The Tiramisu compiler is based on the polyhedral model thus it can express a large set of loop optimizations and data layout transformations. Currently it targets (1) multicore X86 CPUs, (2) Nvidia GPUs, (3) Xilinx FPGAs (Vivado HLS) and (4) distributed machines (using MPI). It is designed to enable easy integration of code generators for new architectures.
The following is an example of a Tiramisu program specified using the C++ API.

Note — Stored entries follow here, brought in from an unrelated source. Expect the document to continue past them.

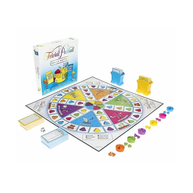 Η Hasbro Trivial Pursuit Family Edition είναι ένα συναρπαστικό επιτραπέζιο παιχνίδι σχεδιασμένο ειδικά για οικογένειες. Σκοπός του είναι να προσφέρει μια διασκεδαστική και εκπαιδευτική εμπειρία μέσω μιας ευρείας γκάμας ερωτήσεων trivia.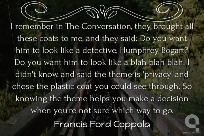 I remember in The Conversation, they brought all these coats to me, and they said: Do you want him to look like a detective, Humphrey Bogart? Do you want him to look like a blah blah blah. I didn't know, and said the theme is 'privacy' and chose the plastic coat you could see through. So knowing the theme helps you make a decision when you're not sure which way to go.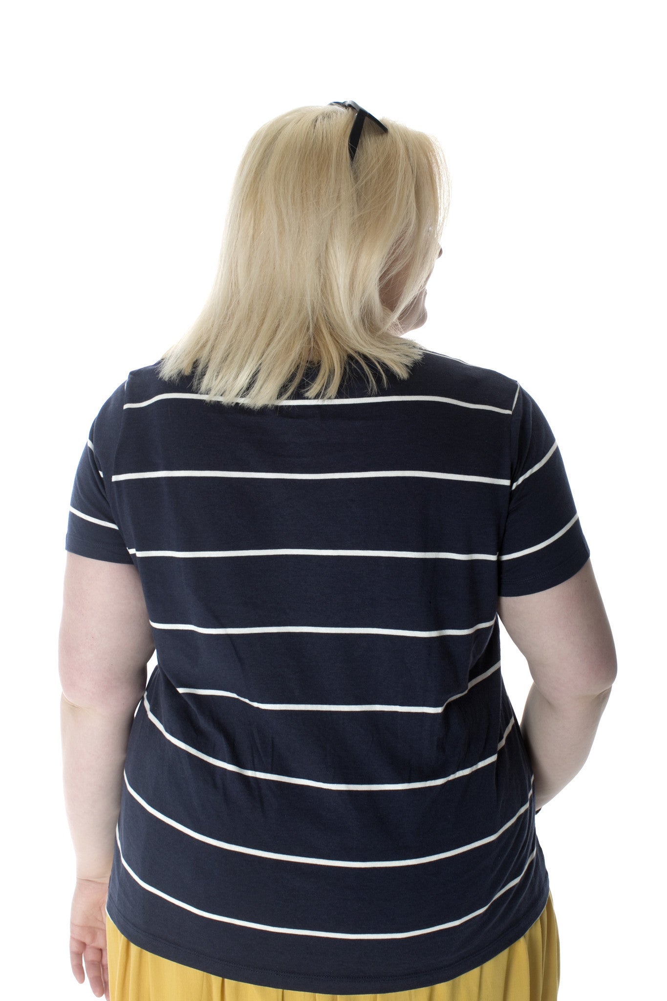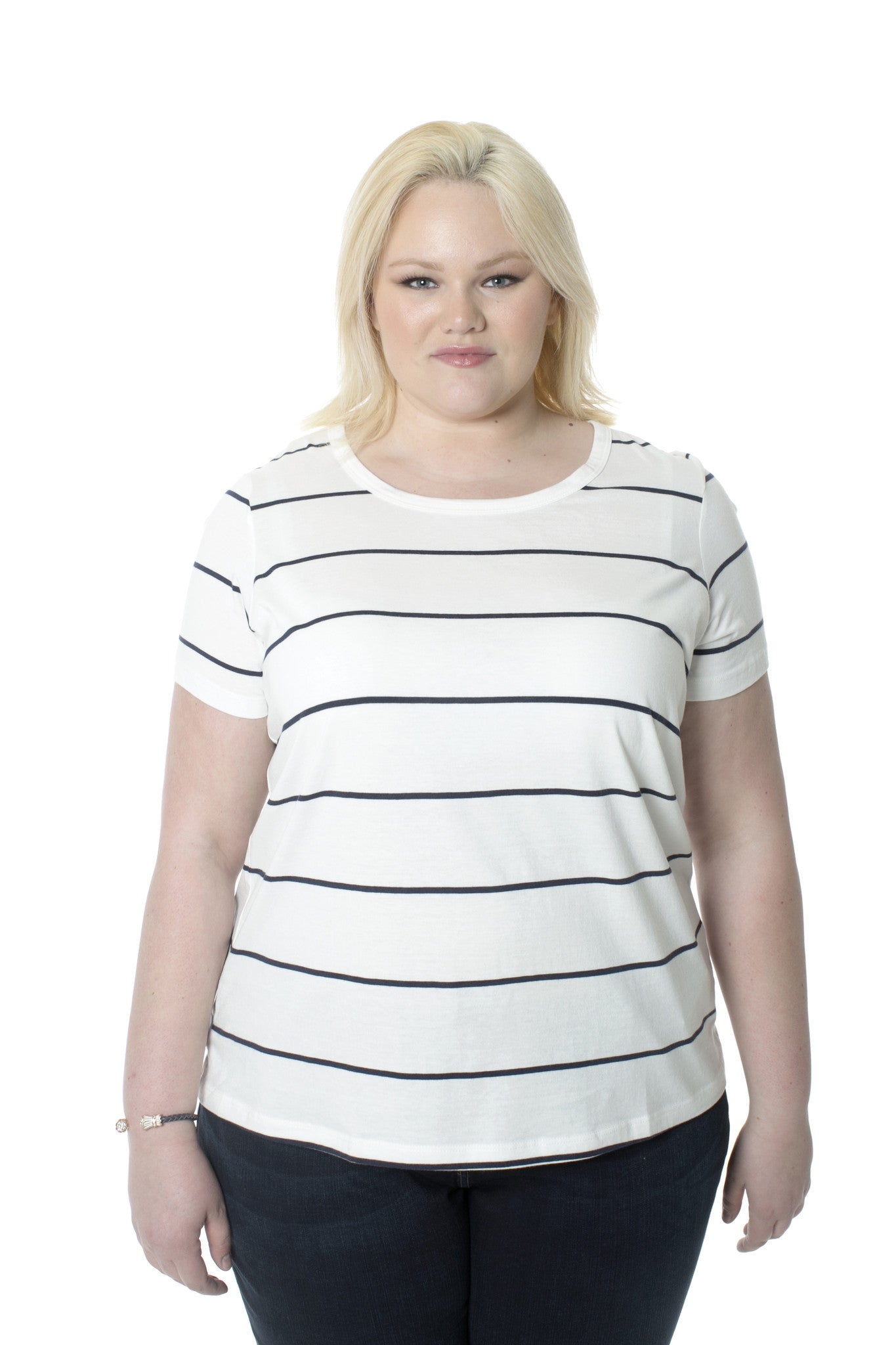 View full details for sizing info. This short sleeve striped tee is made of a super soft blend of cotton and modal. This tee has a crew neck and a casual slim fit.

// C++ code with a Tiramisu expression.
#include "tiramisu/tiramisu.h"
using namespace tiramisu;
void generate_code()
{
// Specify the name of the function that you want to create.
tiramisu::init("foo");
// Declare two iterator variables (i and j) such that 0<=i<100 and 0<=j<100.
tiramisu::var i("i", 0, 100), j("j", 0, 100);
// Declare a Tiramisu expression (algorithm) that is equivalent to the following C code
// for (i=0; i<100; i++)
// for (j=0; j<100; j++)
// C(i,j) = 0;
tiramisu::computation C({i,j}, 0);
// Specify optimizations
C.parallelize(i);
C.vectorize(j, 4);
buffer b_C("b_C", {100, 100}, p_int32, a_output);
C.store_in(&b_C);
// Generate code
C.codegen({&b_C}, "generated_code.o");
}
This section provides a short description of how to build Tiramisu. A more detailed description is provided in INSTALL. The installation instructions below have been tested on Linux Ubuntu (14.04) and MacOS (10.12) but should work on other Linux and MacOS versions.

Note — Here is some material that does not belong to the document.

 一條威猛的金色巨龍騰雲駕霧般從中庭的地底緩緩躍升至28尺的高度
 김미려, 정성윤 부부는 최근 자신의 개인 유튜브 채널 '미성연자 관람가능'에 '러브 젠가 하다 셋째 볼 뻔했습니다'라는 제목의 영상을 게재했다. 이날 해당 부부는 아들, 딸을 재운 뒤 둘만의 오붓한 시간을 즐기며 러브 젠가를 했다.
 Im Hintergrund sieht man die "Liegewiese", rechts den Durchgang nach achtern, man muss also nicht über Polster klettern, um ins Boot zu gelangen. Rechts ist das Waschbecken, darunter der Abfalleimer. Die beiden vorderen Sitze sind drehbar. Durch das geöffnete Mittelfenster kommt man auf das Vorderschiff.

1) CMake: version 3.5 or greater.
1) OpenMPI and OpenSSh: if you want to generate and run distributed code (MPI). 2) CUDA Toolkit: if you want to generate and run CUDA code.
1) Get Tiramisu
git clone https://github.com/Tiramisu-Compiler/tiramisu.git
cd tiramisu
2) Get and install Tiramisu submodules (ISL, LLVM and Halide). This step may take between few minutes to few hours (downloading and compiling LLVM is time consuming).
./utils/scripts/install_submodules.sh <TIRAMISU_ROOT_DIR>
3) Optional: configure the tiramisu build by editing configure.cmake. Needed only if you want to generate MPI or GPU code, or if you want to run the BLAS benchmarks. A description of what each variable is and how it should be set is provided in comments in configure.cmake.
- To use the GPU backend, set `USE_GPU` to `true`. Requires CUDA library to be installed on the system.
- To use the distributed backend, set `USE_MPI` to `true`. If the MPI library is not found automatically, set the following variables: MPI_INCLUDE_DIR, MPI_LIB_DIR, and MPI_LIB_FLAGS.
4) Build the main Tiramisu library
mkdir build
cd build
cmake ..
make -j tiramisu
To run all the tests, assuming you are in the build/ directory
make test
or
ctest
To run only one test (test_01 for example)
ctest -R 01
This will compile and run the code generator and then the wrapper.
To view the output of a test pass the --verbose option to ctest.